What the task asks — Stop after the line that contains "Till höger: Havssköldpaddor är ljuvliga". Until then, retype each line of the entries exactly from the first one, skipping pictures.

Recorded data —

──────

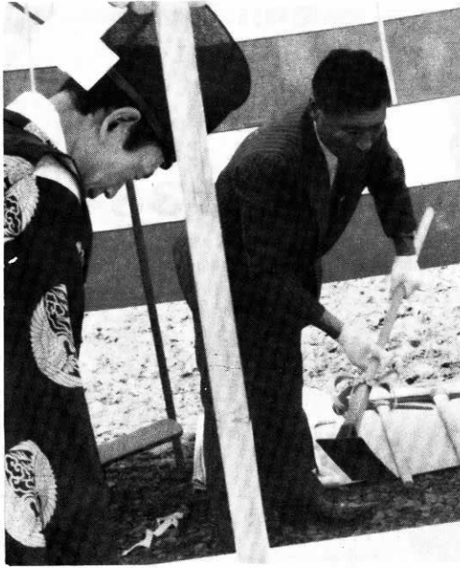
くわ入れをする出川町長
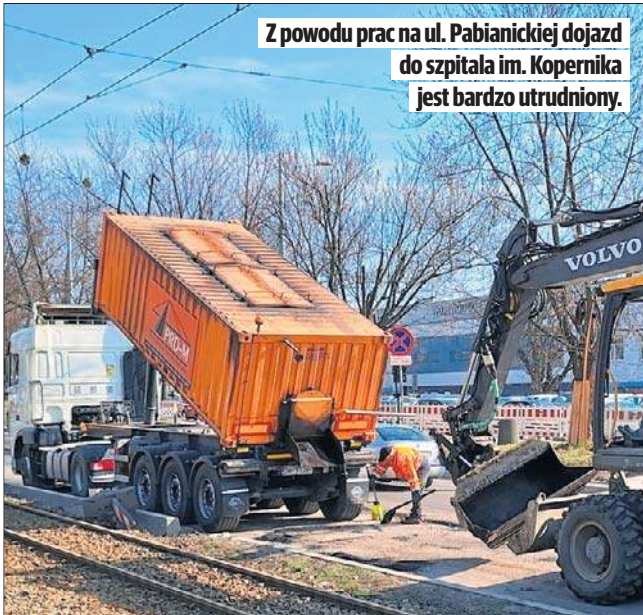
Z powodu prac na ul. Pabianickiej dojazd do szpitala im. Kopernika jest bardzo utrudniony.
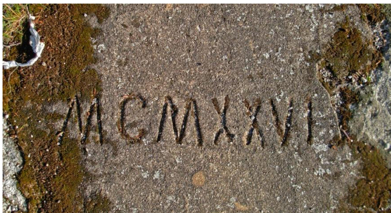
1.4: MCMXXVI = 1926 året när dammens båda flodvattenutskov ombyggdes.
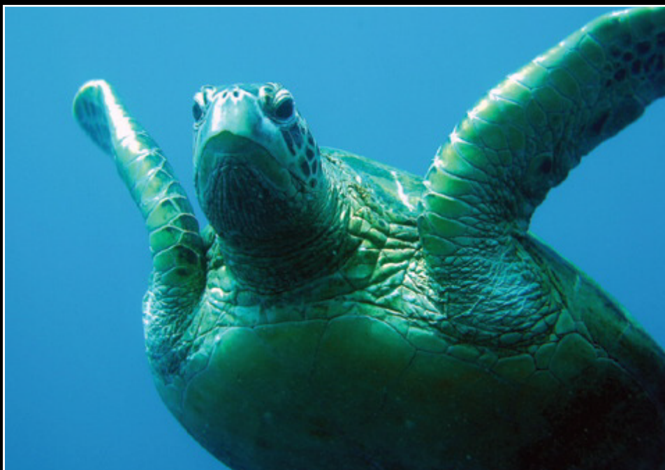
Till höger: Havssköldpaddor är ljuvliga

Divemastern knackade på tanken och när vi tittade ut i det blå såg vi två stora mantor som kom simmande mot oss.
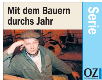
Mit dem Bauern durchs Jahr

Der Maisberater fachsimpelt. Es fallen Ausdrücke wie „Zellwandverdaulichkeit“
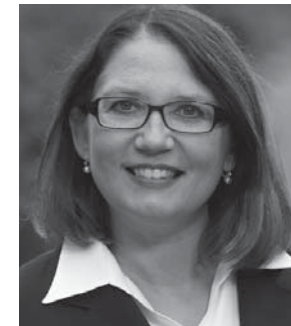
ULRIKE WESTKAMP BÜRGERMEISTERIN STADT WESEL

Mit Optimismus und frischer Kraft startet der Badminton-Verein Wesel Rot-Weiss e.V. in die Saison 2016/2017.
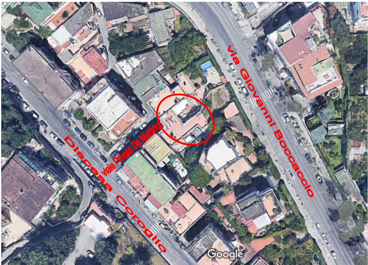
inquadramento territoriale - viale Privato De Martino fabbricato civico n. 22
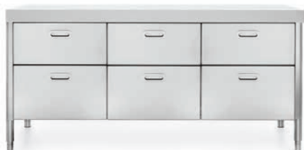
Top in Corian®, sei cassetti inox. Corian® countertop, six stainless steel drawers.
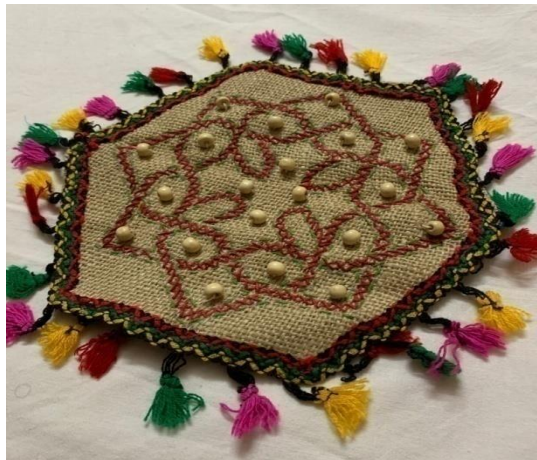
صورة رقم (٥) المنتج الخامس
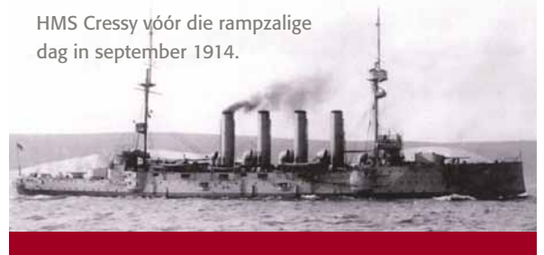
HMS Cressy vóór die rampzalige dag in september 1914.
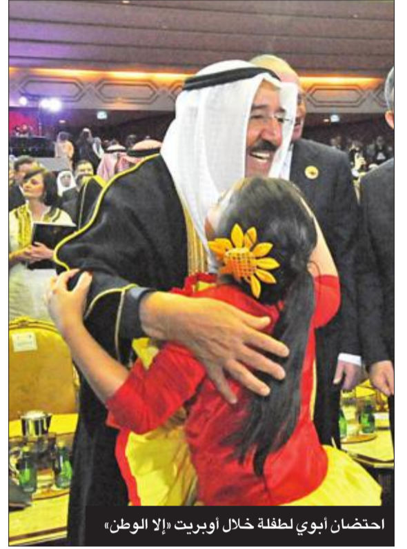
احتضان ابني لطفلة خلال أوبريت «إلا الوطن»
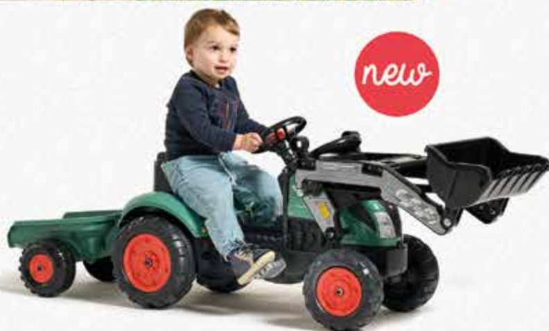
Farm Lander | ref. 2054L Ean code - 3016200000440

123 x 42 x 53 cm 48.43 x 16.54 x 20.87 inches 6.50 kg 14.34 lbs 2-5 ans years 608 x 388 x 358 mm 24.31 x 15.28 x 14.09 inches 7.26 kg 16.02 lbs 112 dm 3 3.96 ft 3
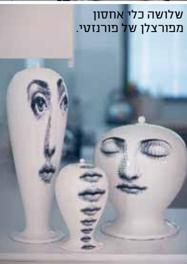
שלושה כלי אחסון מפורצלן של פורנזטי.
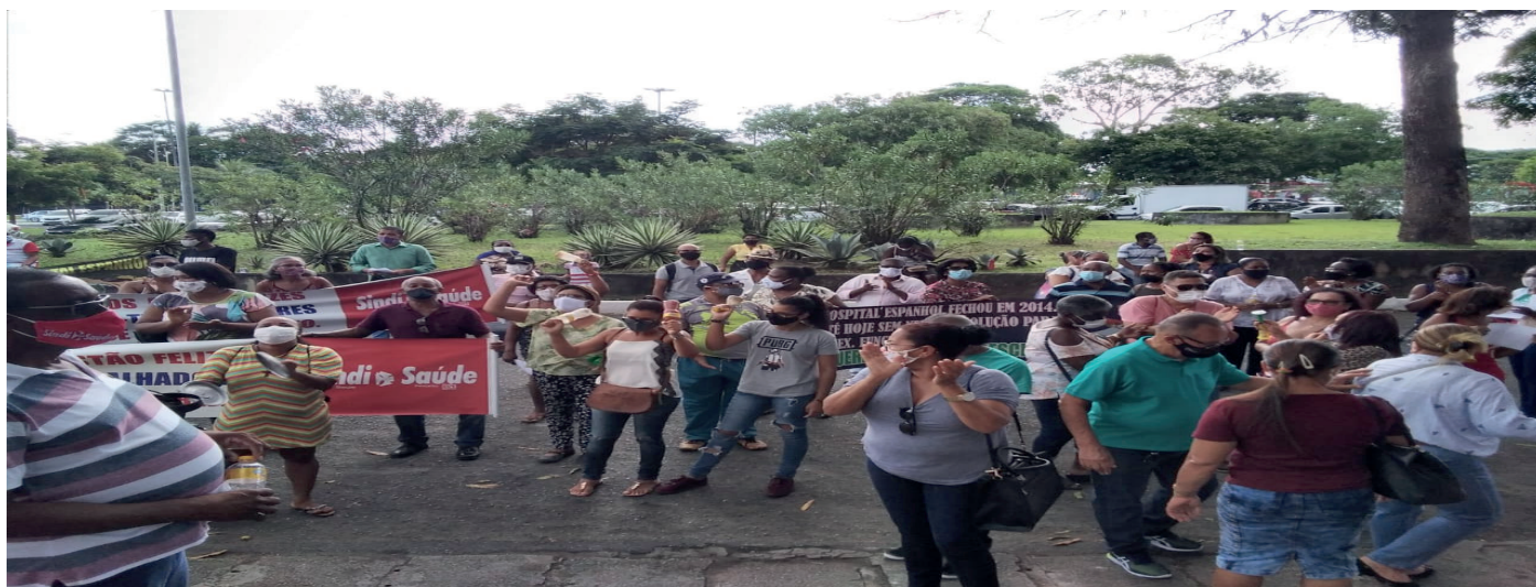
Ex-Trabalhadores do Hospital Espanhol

──────

Task result —
くわ入れをする出川町長
Z powodu prac na ul. Pabianickiej dojazd do szpitala im. Kopernika jest bardzo utrudniony.
1.4: MCMXXVI = 1926 året när dammens båda flodvattenutskov ombyggdes.
Till höger: Havssköldpaddor är ljuvliga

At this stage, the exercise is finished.